EXERCISE MATERIAL START

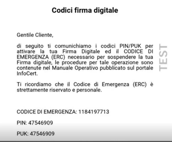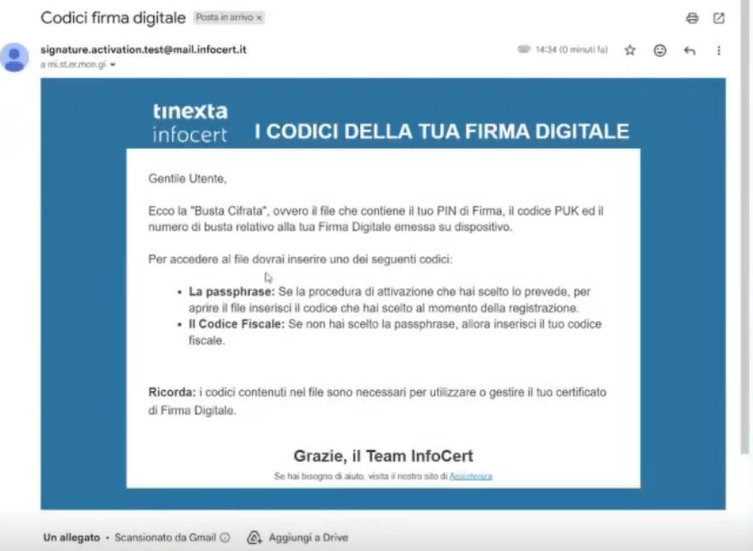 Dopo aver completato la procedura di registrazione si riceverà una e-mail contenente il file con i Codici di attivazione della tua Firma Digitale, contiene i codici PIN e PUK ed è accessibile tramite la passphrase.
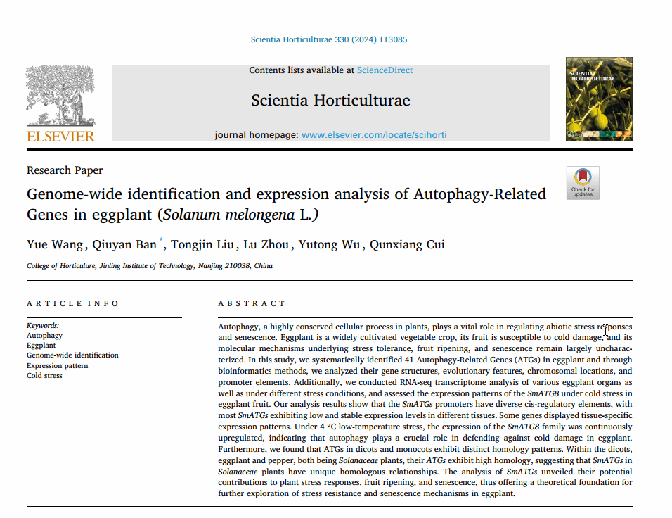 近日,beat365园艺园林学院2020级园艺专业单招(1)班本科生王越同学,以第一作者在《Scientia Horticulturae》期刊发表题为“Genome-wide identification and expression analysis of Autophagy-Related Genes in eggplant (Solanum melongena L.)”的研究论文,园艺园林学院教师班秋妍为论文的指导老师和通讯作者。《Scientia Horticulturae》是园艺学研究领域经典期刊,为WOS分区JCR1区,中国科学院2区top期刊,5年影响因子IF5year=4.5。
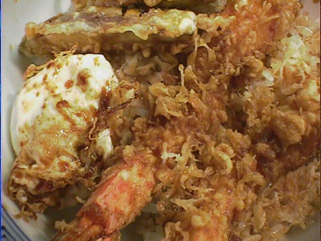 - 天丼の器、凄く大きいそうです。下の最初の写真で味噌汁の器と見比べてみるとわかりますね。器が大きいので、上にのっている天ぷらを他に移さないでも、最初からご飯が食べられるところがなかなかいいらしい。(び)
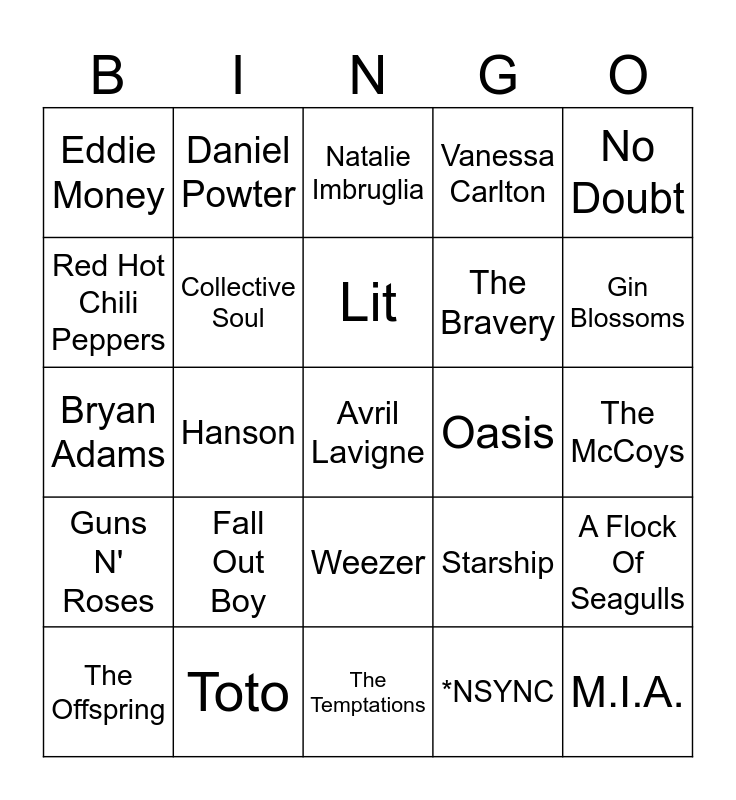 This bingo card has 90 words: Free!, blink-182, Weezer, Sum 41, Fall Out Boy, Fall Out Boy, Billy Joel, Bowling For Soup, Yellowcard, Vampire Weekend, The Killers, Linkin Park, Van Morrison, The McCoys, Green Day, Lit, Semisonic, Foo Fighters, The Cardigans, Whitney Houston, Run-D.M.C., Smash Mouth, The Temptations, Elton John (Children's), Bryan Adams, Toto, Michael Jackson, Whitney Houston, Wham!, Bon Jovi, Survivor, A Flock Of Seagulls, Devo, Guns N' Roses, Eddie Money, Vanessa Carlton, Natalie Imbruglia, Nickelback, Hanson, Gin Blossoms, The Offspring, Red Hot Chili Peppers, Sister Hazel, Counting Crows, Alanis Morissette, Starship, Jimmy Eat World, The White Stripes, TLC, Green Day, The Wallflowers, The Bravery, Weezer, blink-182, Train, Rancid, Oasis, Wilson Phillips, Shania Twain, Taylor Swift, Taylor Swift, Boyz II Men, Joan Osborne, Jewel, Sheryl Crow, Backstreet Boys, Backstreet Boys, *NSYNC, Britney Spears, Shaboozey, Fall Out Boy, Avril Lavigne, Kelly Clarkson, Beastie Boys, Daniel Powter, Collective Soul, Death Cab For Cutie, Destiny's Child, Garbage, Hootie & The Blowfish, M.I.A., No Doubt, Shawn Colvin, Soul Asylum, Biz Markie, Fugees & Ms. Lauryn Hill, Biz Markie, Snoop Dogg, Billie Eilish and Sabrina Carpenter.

EXERCISE MATERIAL END
EXERCISE MATERIAL START

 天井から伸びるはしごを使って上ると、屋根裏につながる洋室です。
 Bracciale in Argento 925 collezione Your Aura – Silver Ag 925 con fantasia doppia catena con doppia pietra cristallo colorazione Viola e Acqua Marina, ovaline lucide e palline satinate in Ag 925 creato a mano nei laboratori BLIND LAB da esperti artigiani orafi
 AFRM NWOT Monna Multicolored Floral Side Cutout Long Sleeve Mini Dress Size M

EXERCISE MATERIAL END

AIM OF THE TASK.
Look above for the line containing "Dopo aver completato", then copy exactly from it through the line containing "- 天丼の器、凄く大きいそう", keeping both and leaving out pictures. Add nothing else.

OUTPUT.
 Dopo aver completato la procedura di registrazione si riceverà una e-mail contenente il file con i Codici di attivazione della tua Firma Digitale, contiene i codici PIN e PUK ed è accessibile tramite la passphrase.
 近日,beat365园艺园林学院2020级园艺专业单招(1)班本科生王越同学,以第一作者在《Scientia Horticulturae》期刊发表题为“Genome-wide identification and expression analysis of Autophagy-Related Genes in eggplant (Solanum melongena L.)”的研究论文,园艺园林学院教师班秋妍为论文的指导老师和通讯作者。《Scientia Horticulturae》是园艺学研究领域经典期刊,为WOS分区JCR1区,中国科学院2区top期刊,5年影响因子IF5year=4.5。
 - 天丼の器、凄く大きいそうです。下の最初の写真で味噌汁の器と見比べてみるとわかりますね。器が大きいので、上にのっている天ぷらを他に移さないでも、最初からご飯が食べられるところがなかなかいいらしい。(び)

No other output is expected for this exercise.